The Effect of Chronic Morphine Use on the Connections of the D2-enriched Medium Spiny Neurons of the Striatum.

Abstract

To date, there have been no observations of the effect of chronic opiates such as morphine on the functional connectivity of the Medium Spiny Neurons (MSNs), which are critical mediators of the response of the mesolimbic dopaminergic pathway to drugs of abuse. We propose that chronic morphine administration will alter the connectivity of these striatal neurons. Using a pseudorabies virus that is retrogradely transported and changes color from red to green when encountering cre-recombinase, we have traced the connections of the indirect D2-enriched MSNs in mice expressing cre-recombinase in D2 neurons. We propose, and will test, that prolonged morphine, followed by a period of withdrawal, will change the connections of the indirect, D2-enriched pathway. This could help further elucidate the mechanistic changes that occur during chronic drug use and withdrawal.

Introduction

Chronic opioid exposure alters neuronal connectivity in rodents through modifications in dendritic spine formation (Robinson and Kolb, 1999; Robinson et al., 2002). Similar drug-induced changes in connectivity have been found in specific brain regions of heroin addicts (Ma, N., et al., 2010; Ma, N., et al., 2010) and in direct but not indirect medium spiny neurons (MSNs) following experimenter-delivered cocaine (Kim, J., et al., 2011). However, there have been no such studies regarding the effect of chronic opiates, such as morphine, on the functional connectivity of these MSNs. We hypothesized that chronic morphine administration would alter the connectivity of these specific striatal neurons. Connectivity changes in the brain can help explain the lasting effects of chronic drug use and addiction. Once brain chemistry is altered, and an individual is no longer functioning ‘normally’, the changes show a behavioral reinforcement of drug-taking habits. This has major implications for addiction and chronic drug use.

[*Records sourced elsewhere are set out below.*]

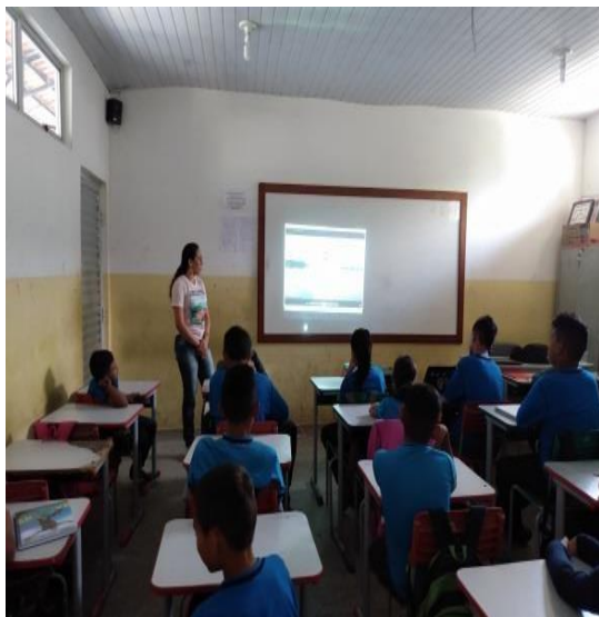
Figura 02: vídeo na sala de aula Santos, 2019.
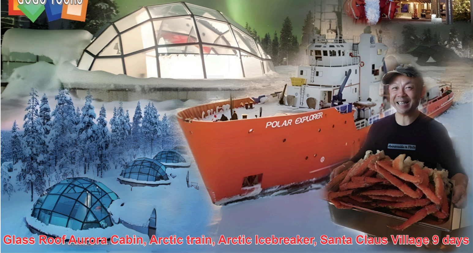
Glass Roof Aurora Cabin, Arctic train, Arctic Icebreaker, Santa Claus Village 9 days
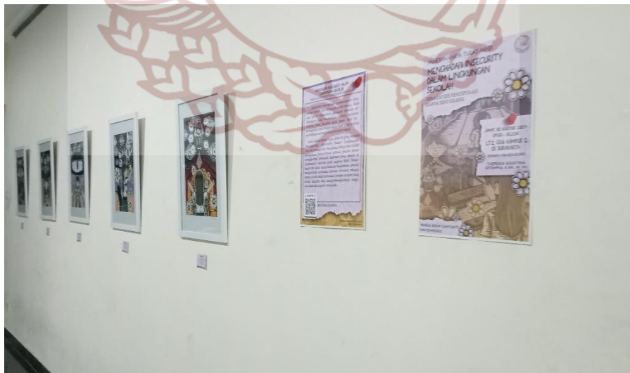
Gambar 56 pameran
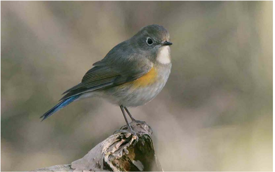
68 Red-flanked Bluetail / Blauwstaart Tarsiger cyanurus , first-winter male, Zandvoort, Zuid-Holland, Netherlands, 14 January 2007 (René van Rossum)
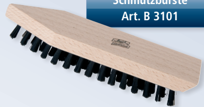
Schmutzbürste Art. B 3101
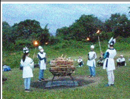
厳粛な中でキャンプファイヤー
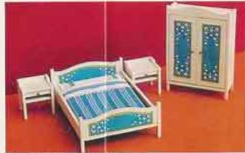
NYHET 9716 Sovrum Blue Heaven 7103 nattbord 7166 dubbelsäng med bädd 7186 klädskåp
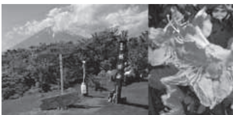
▲富士山を間近に望む越前岳山頂。花はアシタカツツジ

★食事・入浴：昼食は各自行動食をご持参ください。下山後時間により温泉に立ち寄ります。(別料金)

The addiction profile consists of several distinct stages, including acquisition, habituation, and withdrawal. The direct and indirect dopamine striatal pathways seem to have an effect on different stages of addiction (Lobo and Nestler, 2011). In order to understand more comprehensively how the mesolimbic system adapts to chronic drug exposure, we aim to study both pathways. For this study, we focused on the indirect D2- enriched MSNs. D2-neurons function as part of the indirect pathway, which has been shown to be involved in the withdrawal stage of addiction with regards to chronic drug use (Lobo and Nestler, 2011). We used a pseudorabies 263 virus (PRV 263), on animals treated with either chronic doses of morphine, or saline, to trace the connections of these MSNs. The pseudorabies virus contains the brainbow cassette which changes color from red to green when expressed in Cre-containing cells (Lichtman, et al., 2007). This virus is retrogradely transported and, as it is replication competent, will trace multi-order connections (Card, et al., 2011). PRV 263 allows us to directly label the pathway through the help of multi-fluorescence capabilities. The virus is used with transgenic mice, engineered to have the D2 gene linked to cre- recombinase.
Our data showed a significant difference between morphine-treated and control animals in two specific areas: the dentate gyrus and the ventral tegmental area (VTA). On a very basic level, the changes associated with this difference happen in the brain through drug-induced neuronal plasticity. By doing studies such as this one and distinguishing exactly which areas, and in exactly what ways these changes are occurring, we may be better equipped to treat addiction and chronic drug use further down the line.